Egal, wem Dagur Sigurdsson zunächst das Vertrauen ausspricht: Unfrieden zwischen den Torhütern braucht er nicht zu befürchten. Wolff sagt bei seinem ersten internationalen Turnier: "Ich erhebe hier keinen Anspruch auf die Nummer eins." Und Lichtlein ist sowieso ein Teamspieler, wie man ihn sich nur wünschen kann, unvorstellbar uneitel: Er hat sich Laufe seiner langen Karriere immer wieder klaglos auf die Bank gesetzt und seine Teamkollegen von dort am lautesten angefeuert.

"Ich muss der Mannschaft helfen, wenn ich reinkomme", lautet sein Credo. "Ein ganz, ganz lieber Mensch" sei der gebürtige Würzburger, findet Wolff, nachdenklich, ruhig, auch wenn er nicht immer so wirke: "Er gibt einem eine gewisse Gelassenheit." Kiels Linksaußen Rune Dahmke, 21, bestätigt diesen Eindruck: "Carsten strahlt viel Ruhe aus mit seiner Erfahrung."

Wolff hingegen fühlt sich eher für die Emotionen zuständig, für Gefühlsausbrüche und das leidenschaftliche Anfeuern der Kollegen auf dem Parkett.
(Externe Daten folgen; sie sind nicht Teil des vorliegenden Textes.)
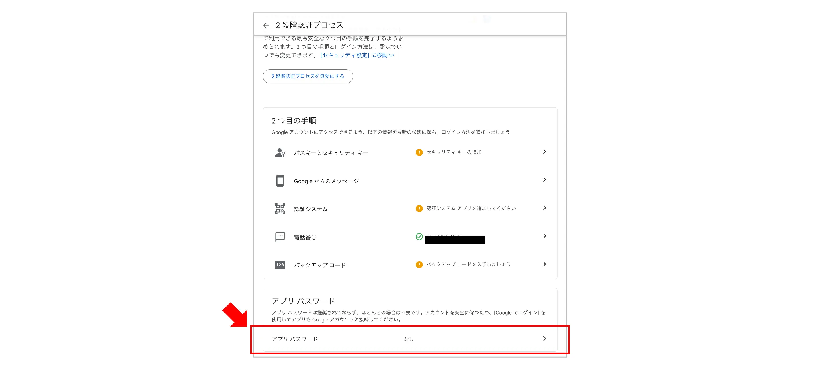 2段階認証が有効になったら、アプリパスワードを発行します。2段階認証プロセスをクリックします。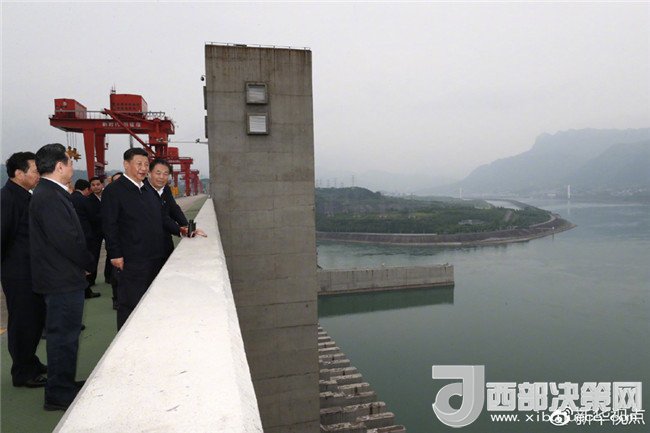 離開許家沖村,習近平來到三峽大壩,登上壩頂,極目遠眺長江上下游,詳細了解三峽工程建設、發(fā)電、水利、通航、生態(tài)保護等方面的情況。隨后,前往通航船閘、升船機和左岸發(fā)電廠實地調研?! ?#8203;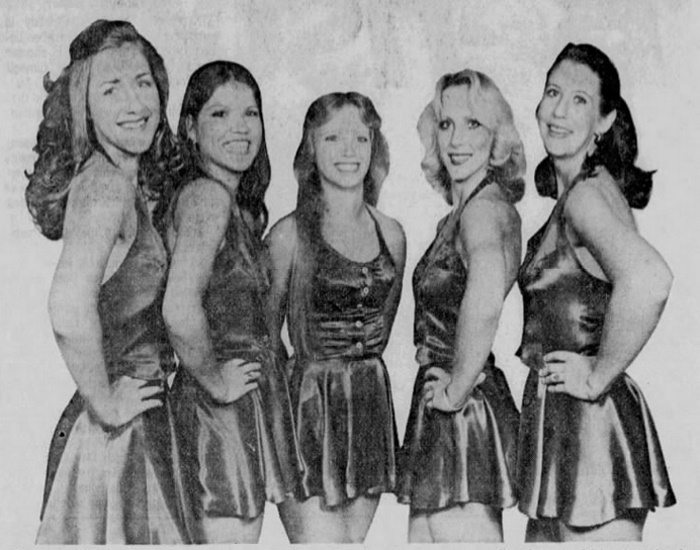 Shreveport Steamer cheerleaders (l to r) Linda Effinger, Wanda Pickering, Cindy Rowe, Iris Stephens, Terri Pollard |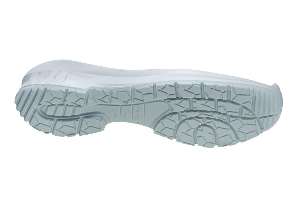 Ultralätt slät mikrofiber med slående högfrekvent prägling, bekväm passform tack vare sömlös skodesign, tåskydd, TPU-förstärkning vid hälen för stabilisering, dammskydd, funktionellt foder av ventilerande textil och mikrofiber, avtagbar komfortinnersula ERGO-SOFT ESD.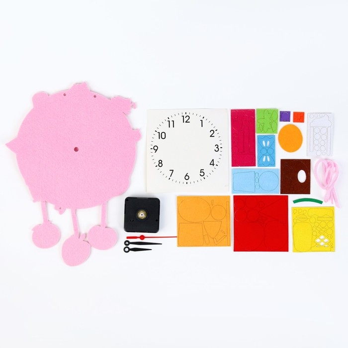 Часы из фетра, сделанные своими руками, будут радовать вас и ваших детей долгое время. Фетр - безопасный для здоровья ребенка природный материал. Ребенок может самостоятельно или с помощью родителей собрать поделку из предложенных материалов, Для работы необходима одна батарейка типа АА. Внимание: Комплект содержит мелкие детали, поэтому рекомендован детям старше 3 лет!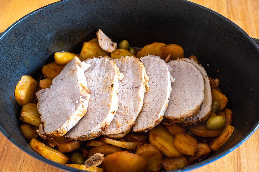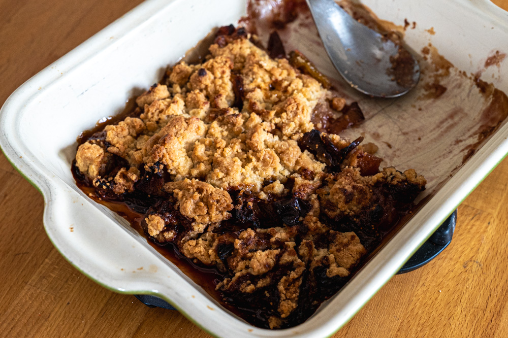 - dimanche midi : rôti de porc à l’andalouse (une recette vintage de La Bonne Cuisine Française), radis noir, chou romanesco ; crumble pomme-figue-prune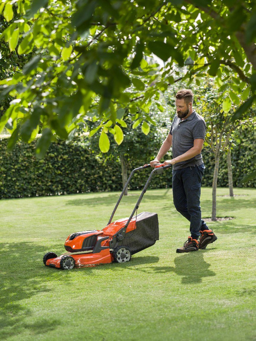 Dankzij de inklapbare bedieningsboom kan de grasmaaier worden opgeslagen of getransporteerd om ruimte te besparen.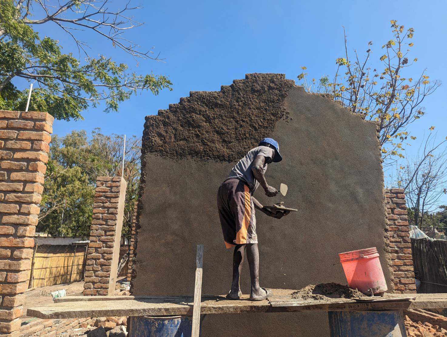 私の居た期間には、一つの建物のレンガで組んだ基礎にセメントを打ち付けて壁を作ってたり、トイレの建設で便器や扉を設置したりしていました。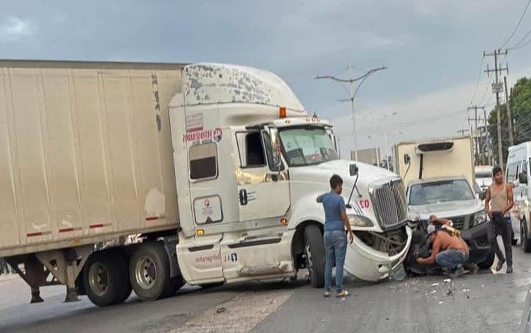 El primero se registró sobre la avenida Universidad a la altura de Plaza las Américas, donde el conductor de un tráiler intentó retornar debajo del puente peatonal con dirección hacia Periférico y terminó colisionando contra una camioneta.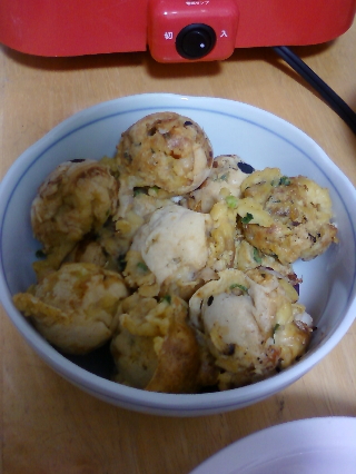 家で、タコ焼き器を買ったので、タコ焼きをしました。

Dabei erzählt er über seine Anfänge als Handballer, dass er "beim ersten Training etwas schüchtern war und mit den anderen wenig zu tun haben" wollte: "Deshalb habe ich mich hinten reingestellt. Und dann wollte ich nicht mehr raus."

Wolff sagt, er habe bei der HSG Wetzlar viel von dem früheren spanischen Nationaltorwart José Javier Hombrados gelernt, der in den vergangenen beiden Spielzeiten beim mittelhessischen Klub ausgeholfen habe. Er versucht auch, sich von Carsten Lichtlein etwas abzuschauen; aber dessen akribische Herangehensweise an die Spiele hat er nicht übernommen. Lichtlein studiert ja das Wurfverhalten gegnerischer Stürmer mit wissenschaftlicher Präzision und malt dann Wurfbilder, um zu wissen, wo er hinlangen muss. Wolff vertraut mehr seinem Instinkt und seinen Reflexen. "Während des Spiels kann ich auch nicht auf einen Zettel schauen", sagt er.

Vom etatmäßigen Kapitän, dem verletzten Steffen Weinhold hat Andreas Wolff im Übrigen schon ein indirektes Lob bei dieser Europameisterschaft bekommen, auch wenn es zunächst nicht so klang: "Das waren noch keine außergewöhnlichen Leistungen von ihm." Soll heißen: Der junge Wolff kann noch mehr.